His enemies are mostly dead. He’s mean and unforgiving.
Laugh at him and you’re undone, but in some dreadful fashion.
Vengeance, he considers fun and plans it with a passion.
Time will not erase or blot a plot that he is brewing.
It’s when you think that he’s forgot, he’ll conjure your undoing.
Bolted doors and windows barred, guard dogs prowling in the yard,
Won’t protect you in your bed. Nothing will, from Pumpkinhead.”

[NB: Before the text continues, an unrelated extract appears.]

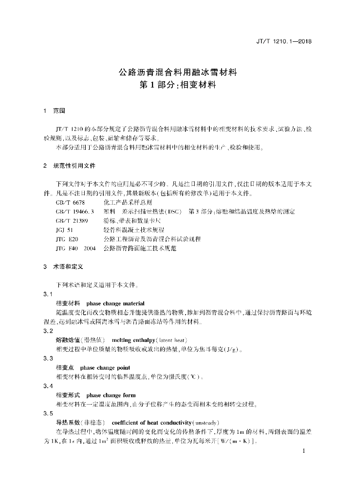 JT/T 1210.1-2018 公路沥青混合料用融冰雪材料 第1部分:相变材料

Stan Winston was a legendary special effects artist. He worked on iconic films such as The Thing, The Terminator, Predator, Aliens, and Jurassic Park. As the story goes, when the De Laurentiis Entertainment Group sent him a script for Pumpkinhead in hopes that he’d do the creature design work, he rather envisioned the project as an ideal opportunity to spread his directorial wings. He made his acceptance of the effects gig contingent on getting to sit in the director’s chair. Passing off design work to a number of his protégés, he spent his time refining the script and leading the production, though his practiced hand is still evident in the polished effects. When he’s playing to his strengths, Pumpkinhead is a very effective dark fantasy. Otherwise, it is a fairly generic slasher flick that shambles along in decent B movie fashion, neither exceptional nor bland, but adequate for showcasing its eponymous demon.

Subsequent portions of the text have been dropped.